The other benchmark for success is if we pass the pseudo benchmark we have in this repo which tests for if we properly handle high stress situations which this PR is handling well.
Why
Every other uTP implementation uses one way fins.
We on the other hand use two way fins, like TCP. This has some advantages in some cases. But every usecase of uTP has been sending data one way.

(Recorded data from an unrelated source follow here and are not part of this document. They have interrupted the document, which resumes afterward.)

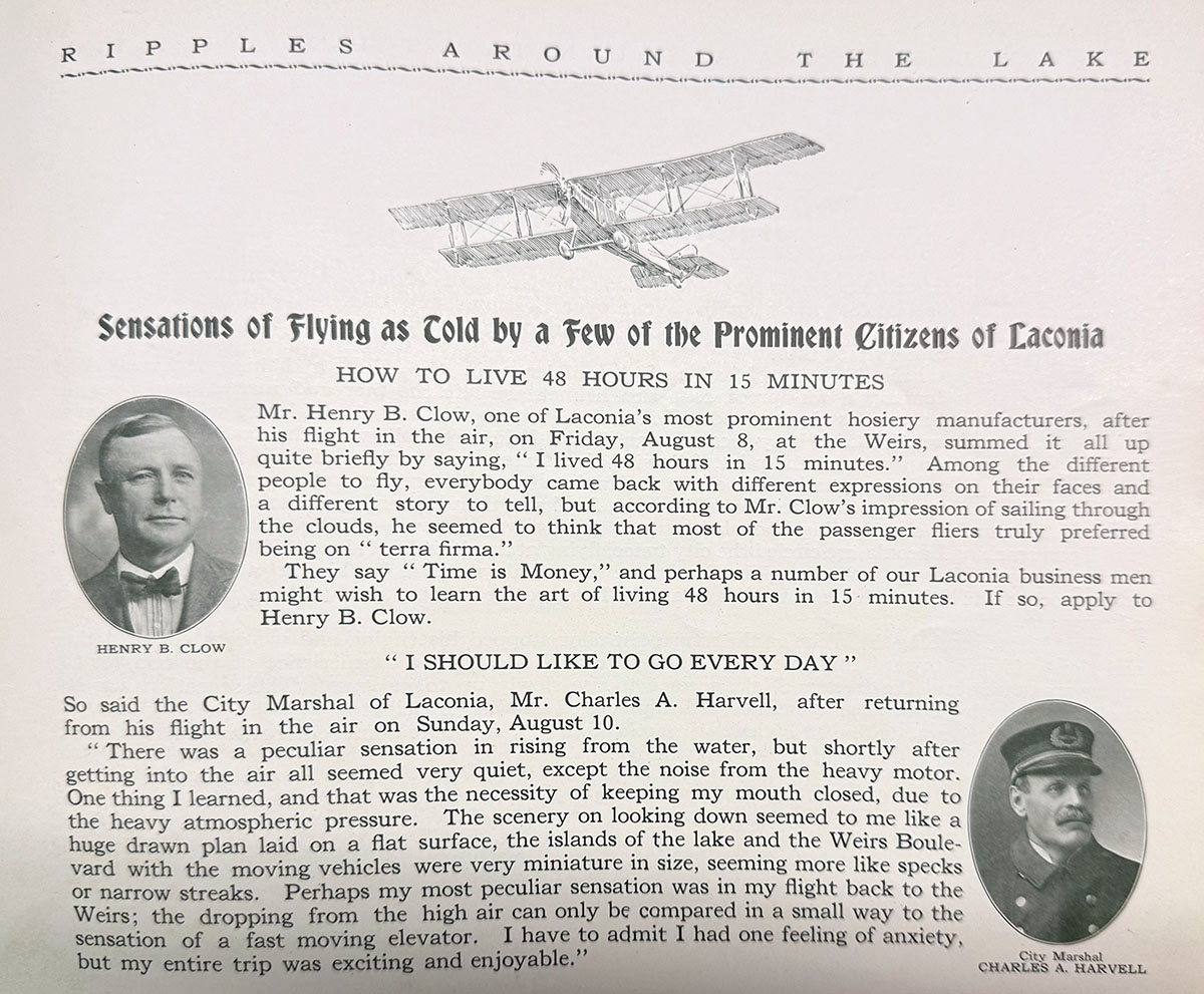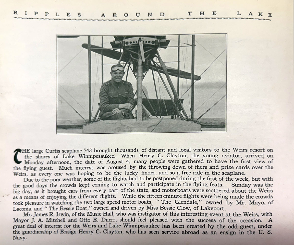 A follow-up page from “Ripples” on the visit of aviator Henry C. Clayton for the inaguaral seaplane rides on August 4, 1919.
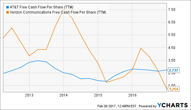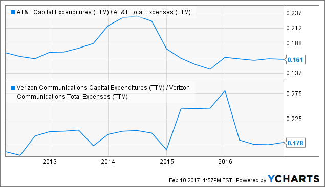 即使在收益上作比较,公司的远期市盈率仅为13.5,比标普500中的其他大盘股要低。此外,观察下图可知,两家公司在资本支出占总支出比例上相近,但相比之下,AT&T产生的自由现金流更多。
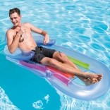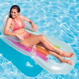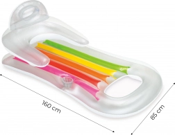 Napihljiva blazina INTEX združuje slog, udobje in vzdržljivost. Prosojna izvedba z barvnimi segmenti poživi vsak bazen, ergonomsko oblikovan mehak naslon za hrbet pa poskrbi za brezkompromisno sprostitev. Praktično držalo za pijačo hrani osvežitev vedno pri roki.

Because we use two way and fluffy uses one way we have this problem where we only try to handle one way fins on the timeout of our connection which delays us finishing the uTP connection currently on Trin this is set to 1.25 seconds, this delay might also grow in size but that symantic interaction doesn't matter and any delay is enough justification to make this change. This delay will happen whenever we interact with Fluffy or Ultralight and if we want adoption this is unacceptable.
This is also currently causing interop issues with our bridge, well we can add another timeout exception for this case, it wouldn't fix the 1.25s delay so we might as well just implement 1 way fins.
https://portal-hive.ethdevops.io/?page=v-pills-results-tab&suite=1701568288-22f1ef76b380011a7f14fa3c85205088.json Here is an example where these tests are failing because Trin thinks the uTP transfer is timing out, fluffy thinks it is successful. And in reality fluffy got the data, and we are waiting for no reason. We also spam fluffy with 8 fin packets for no reason which is another reason to do 1 way fins.
I tested this change on portal-hive and all tests passed using it using Trin and Fluffy. I tested the trin-bridge test again between fluffy and trin and it worked so it definitly fixes the issue I was seeing. In this process I also double checked the uTP logs to make sure there wasn't anything funny.
Here are the results with the change, the link above shows it all failing.
what did I do
on_packet()
for the sender and receiver cases for handling one way ackswrite-buffer
was written. The while pending_read.pop_front statements doesn't work, because it relied on a gridlock system so it would be impossible for it to even loop more then once. Because the loop in stream.rs only added a new one shot channel, when it was done handling the last one. So the while loops was functionally useless inprocess_reads
. I also needed to do it this way so we would be able to flush the recv-buffer before closing the connection.